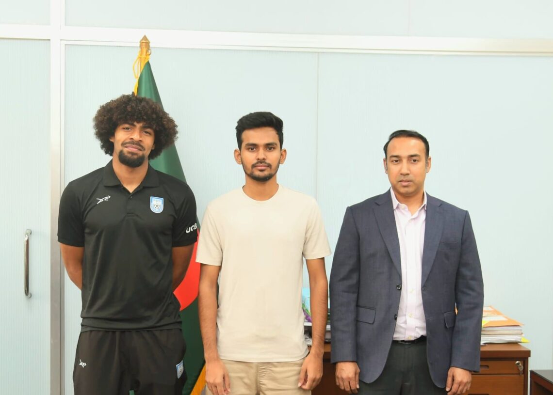 আজ (বুধবার) দুপুর আড়াইটায় রাজধানীর নগর ভবনে যুব ও ক্রীড়া মন্ত্রণালয় এবং স্থানীয় সরকার, পল্লী উন্নয়ন ও সমবায় মন্ত্রণালয়ের উপদেষ্টা আসিফ মাহমুদ সজীব ভূঁইয়ার সঙ্গে সৌজন্য সাক্ষাৎ করেন বাংলাদেশ ফুটবলের নতুন সম্ভাবনা হামজা চৌধুরী। এসময় তার সঙ্গে উপস্থিত হয়ে ফুটবলে সৃষ্ট চলমান সঙ্কট নিয়ে ক্রীড়া উপদেষ্টার সঙ্গে আলোচনায় বসেন বাংলাদেশ ফুটবল ফেডারেশনের (বাফুফে) সভাপতি তাবিথ আউয়াল।
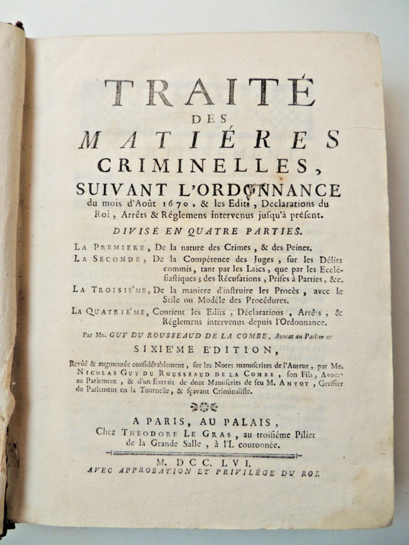 6ème édition de ce traité célèbre, qui est l'ouvrage principal de Guy du Rousseau de la Combe qui était criminaliste et avocat au parlement de Paris. Il est mort en 1749. On a imprimé dans quelques dictionnaires qu'il avait été reçu avocat en 1705. Bien écrit et présenté de manière claire et pratique, ce traité fut d'un grand usage au XVIIIe s. L'auteur traite successivement des crimes et des peines, du domaine de compétence des juges, et de la manière d'instruire un procès, avec le style ou modèle des procédures.
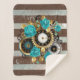Steampunk Clock and Turquoise Roses on Striped Sherpa Blanket
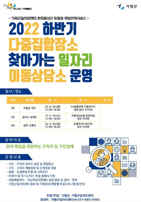 [한국뉴스타임=편집국] 가평군은 관내 유동인구 밀집 지역 및 접근성이 높은 다중집합시설로 직업상담사가 직접 찾아가 다양한 구인·구직 인프라 구축 및 일자리센터 인지도 향상을 위한 '2022 하반기 찾아가는 일자리 이동상담소'를 오는 9월 26일 가평읍【NH농협은행 가평군지부 정문 앞(구 주차장)】에서 운영한다고 밝혔다.
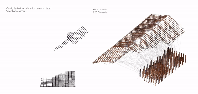 The objective of the project is to showcase how matching algorithms along with generative design and digital fabrication can be used to integrate materials retrieved from pre-demolition sites to develop new structures, while minimizing waste and maximizing efficiency.
........
Assignment:
Look back at the data above, then output exactly the lines from the line holding "6ème édition de" up to and including the line holding "Steampunk Clock and". Leave out the pictures.

Answer section:
 6ème édition de ce traité célèbre, qui est l'ouvrage principal de Guy du Rousseau de la Combe qui était criminaliste et avocat au parlement de Paris. Il est mort en 1749. On a imprimé dans quelques dictionnaires qu'il avait été reçu avocat en 1705. Bien écrit et présenté de manière claire et pratique, ce traité fut d'un grand usage au XVIIIe s. L'auteur traite successivement des crimes et des peines, du domaine de compétence des juges, et de la manière d'instruire un procès, avec le style ou modèle des procédures.
Steampunk Clock and Turquoise Roses on Striped Sherpa Blanket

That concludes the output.